_TASK PROMPT_
Only the lines below between the one holding "全剧最贵单品应该要数这枚伯爵" and the one holding "周辺にあるみずほ銀行のATM", inclusive, are to be reproduced word for word; the pictures are to be left out.

_PROVIDED DATA_
=== Begin Enclosure ===
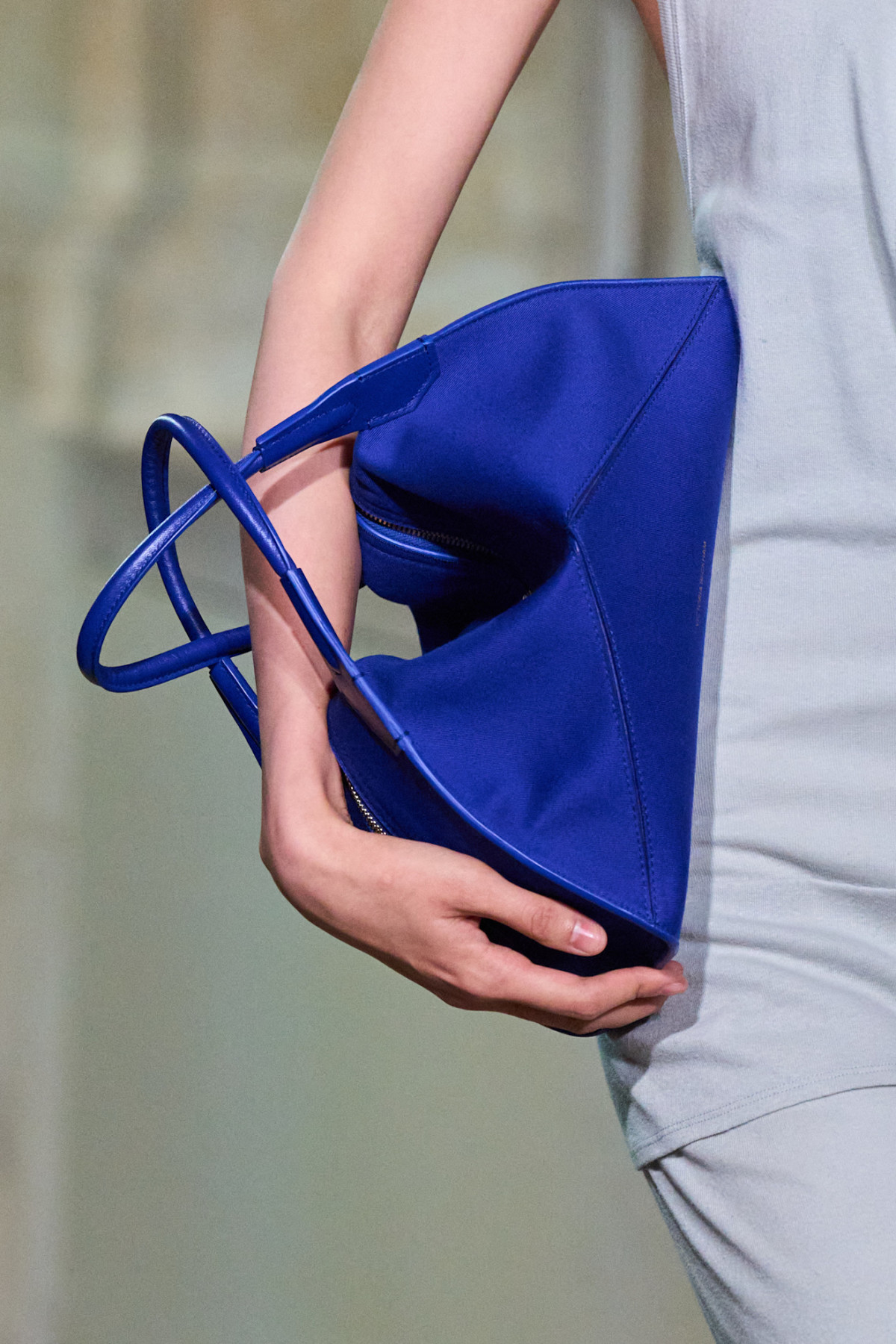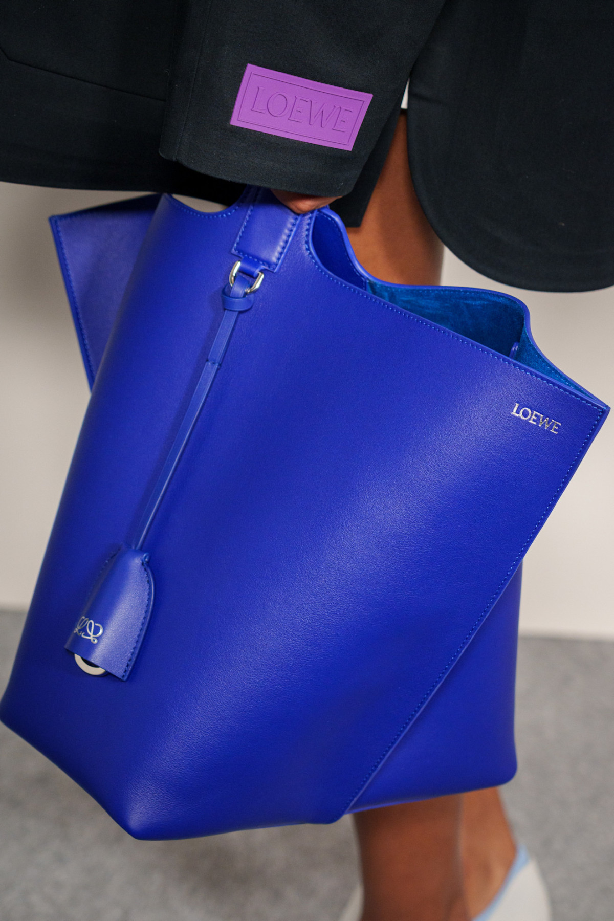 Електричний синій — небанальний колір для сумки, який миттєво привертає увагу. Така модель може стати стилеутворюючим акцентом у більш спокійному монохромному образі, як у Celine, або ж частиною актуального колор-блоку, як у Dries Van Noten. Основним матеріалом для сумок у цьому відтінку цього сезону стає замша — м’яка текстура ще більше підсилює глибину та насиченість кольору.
=== End Enclosure ===
=== Begin Enclosure ===
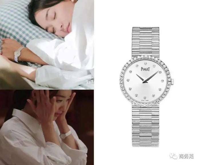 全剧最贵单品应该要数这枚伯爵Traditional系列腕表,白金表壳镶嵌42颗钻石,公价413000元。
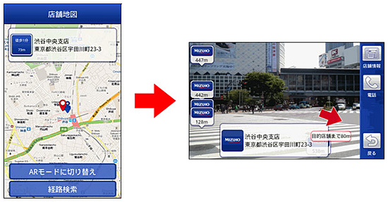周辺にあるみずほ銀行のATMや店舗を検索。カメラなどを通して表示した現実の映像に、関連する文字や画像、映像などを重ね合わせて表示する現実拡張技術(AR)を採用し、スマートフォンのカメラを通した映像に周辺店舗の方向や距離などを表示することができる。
=== End Enclosure ===
=== Begin Enclosure ===
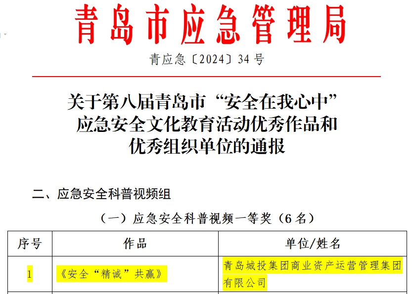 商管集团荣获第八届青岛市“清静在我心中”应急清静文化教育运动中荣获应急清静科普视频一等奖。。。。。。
=== End Enclosure ===
_SOLUTION BELOW_
 全剧最贵单品应该要数这枚伯爵Traditional系列腕表,白金表壳镶嵌42颗钻石,公价413000元。
周辺にあるみずほ銀行のATMや店舗を検索。カメラなどを通して表示した現実の映像に、関連する文字や画像、映像などを重ね合わせて表示する現実拡張技術(AR)を採用し、スマートフォンのカメラを通した映像に周辺店舗の方向や距離などを表示することができる。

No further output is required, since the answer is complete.